We need legislation that better prioritises access to education for children in the youth justice system. According to the Department of Education’s annual report, the Department of Education is responsible for delivering a high-quality education to all students in all learning environments. I note that the Department of Education supported the provision of education services to children and young people in Banksia Hill Detention Centre last year through funding the equivalent of the provision of three teachers and access to online professional learning for Banksia Hill staff. I am really appalled that only three teachers are employed by Education. The corrective services division, of course, is then expected to make up the gap and fund the other teachers and education staff, and that means that there are currently no education assistants.
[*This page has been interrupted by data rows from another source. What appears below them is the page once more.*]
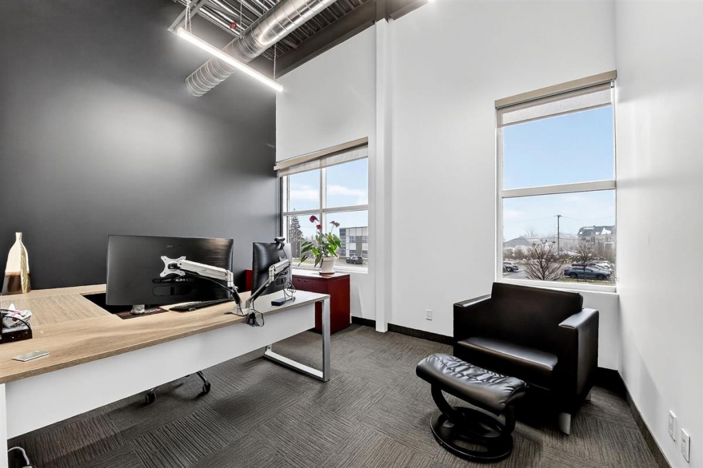 Sous-location d'un espace bureau de +/- 1 632 pi². Comprend 3 grands bureaux fermés, une grande salle de conférence, un coin cuisine et une salle de bain. Disponible le 1er mars 2026 jusqu'au 31 juillet 2027, avec possibilité de prolonger le bail. Plafond 100% ouvert. Très belle bâtisse. Facile d'accès, à proximité des grands axes routiers. Quatre espaces de stationnement réservés. Énergie incluse.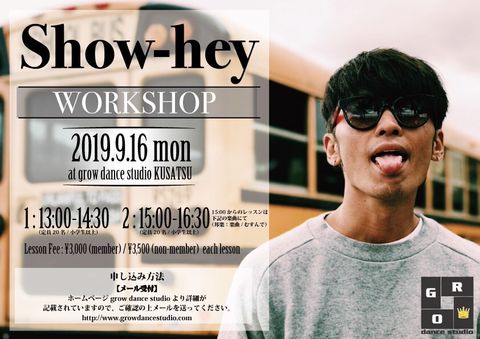 SpecialなWS急遽開催決定!!!! RADIO FISHのメンバーであるShow-heyがなんとgrow dance studioに!! こんな機会はなかなかないので是非っ!! 今回は草津校で開催の為、定員に限りがございます。 定員に達した時点で受付は締め切らせて頂きますのでお早目にお申込みください。 2019/9/16(MON) ①13:00~14:30 *小学生以上 ②15...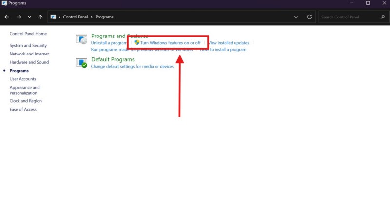 3.或者,您可以打開控制面板, 前往節目,然後選擇 T打開或關閉 Windows 功能選項根據程序和功能部分。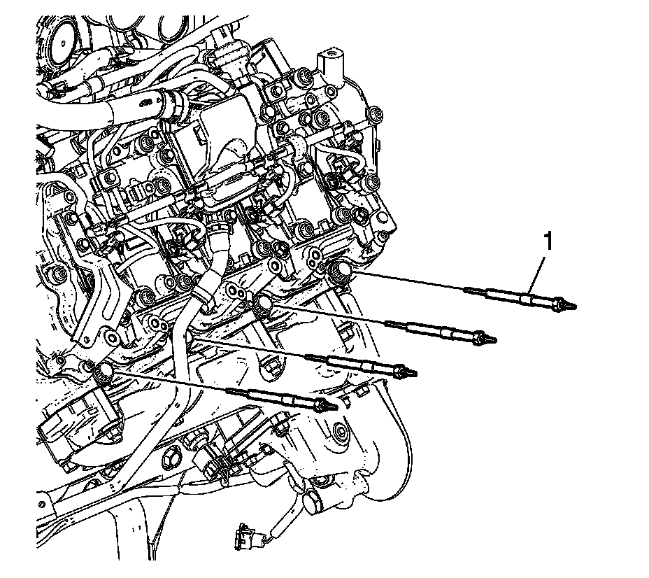 14. Install the glow plug controller bolts (1) and tighten to 10 Nm (89 lb in).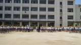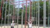 1年生がのぼり棒やジャングルジム、鉄棒、竹馬、一輪車などを使って運動遊びを行って...

This year there was an average daily population in Banksia Hill of 134 children and young people ranging in age from 10 years to over 18 years. They all have fragmented education histories. Many of them, if not most of them, have behavioural issues associated with complex and traumatic pasts. Again, I remind members of the Telethon Kids Institute research that a high proportion of them have a serious neurodevelopmental impairment as well. The Department of Education says to the corrective services division, “Look, here’s some funding for three teachers and access to some online professional learning”—and that is it. That is it for these kids. I recognise that some absolutely amazing people are working in this space, but they are just not getting access to enough support and resources. I note that the “2017 WA Labor Platform” includes the following statement —

In particular WA Labor commits to: ...

Ensuring, legislatively, that incarceration is treated as a last resort, and that diversionary tactics, restorative justice and rehabilitation are the priority for young offenders;

I would like to see the minister start demonstrating some commitment to delivering on this promise and making it happen.